Re: Why are Set & Get important?
Immortal Nephi wrote:
Tens of member functions or
hundreds of member functions modify data members.
I'd say that if you have tens or even hundreds of accessor functions,
your class design is flawed.
The general principle of class design is that its public interface
should *abstract* away the actual internal implementation of the class.
In other words, in an optimal case, one should not be able to deduce
from the public interface alone what kind of member variables the class has.
Explicit variable getter and setter functions somewhat break this
principle, as they expose the internal structure of the class. Of course
it's better than having the member variable in the public interface
directly, but it's still often a sign of flawed design.

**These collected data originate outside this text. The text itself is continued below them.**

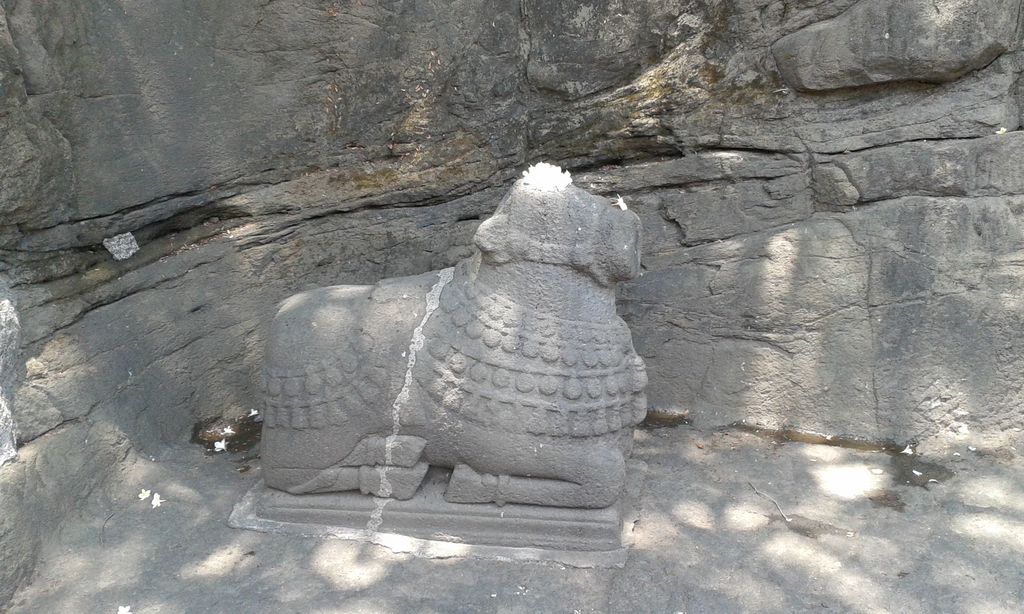 A large Nandi mandapa with many pillars stands in the courtyard. The main sanctum, part of a basalt rock cave, houses the main deity in the form of a Shivling. Other idols in the temple include those of Rama, Sita, and Lakshmana.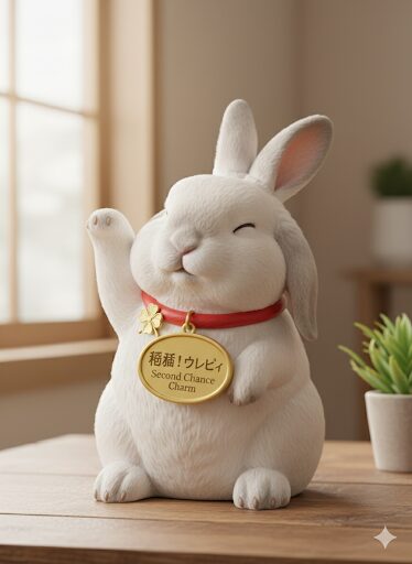 実は……最初うっかり右手で招く(金運を招くうさぎ)バージョンで作ってしまい、ブログを書きながら「あ!挙げる手が違う!」と気づいて大慌てで修正しました💦 直すのが本当に大変でしたが、AIと喧嘩と仲直りを繰り返しながら😂😂😂やっと!!!完成です。それも早く良い思い出にしたいです!笑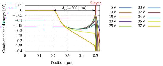 Finally, as we have seen, the measurements made with the laser as well as with the synchrotron light, showed the presence of a photogenerated current at voltages lower than the punch-through voltage; that is, in a condition in which APDs do not commonly show sensitivity to light. This behaviour is a consequence of the deposition of a thin sub-monolayer of C atoms ( p-doping), and it can be understood by using the same Sentaurus TCAD simulations that reproduce capacitance versus inverse bias: the variations of the potential barrier at the layer as the reverse bias increases are displayed in Figure 9. It emerges that, for heavily doped and very thin layers (in principle, almost less than a monolayer), the voltage barrier preventing diffusion of electrons from the absorption layer into the multiplication region is very low, and it decreases slowly when the bias is increased. This allows to obtain relatively high photogenerated currents even below the punch-through voltage [35]. In these simulations, the disappearance of the potential barrier and the onset of the punch-through take place at about the same voltages at which the start of breakdown is experimentally observed.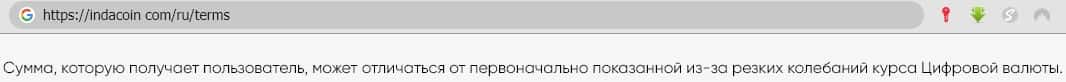 Аферисты криптообменника Инда Коин прямо предупреждают клиентов, что курс обмена будет меняться во время проведения операции обмена.

This isn't a hard rule, of course. There are some situations where
explicit getters and setters are justifiable. However, it's a good
generic principle. Also, in general, the more explicit getters and
setters you have in a class, the more it is a sign of bad design.
As an example, consider the size() member function of the STL data
containers. Is it a getter function? In fact, it isn't: It's simply a
function to query the data container for the amount of elements stored.
It *might* be a direct getter for a member variable, but it might very
well not be (eg. many std::vector implementations don't have any
explicit size member variable, and instead size() returns the difference
between end() and begin()).
When you want information out of a class, the functions to query for
that information should be at a slightly higher abstraction level than
"return me the value of this member variable of yours".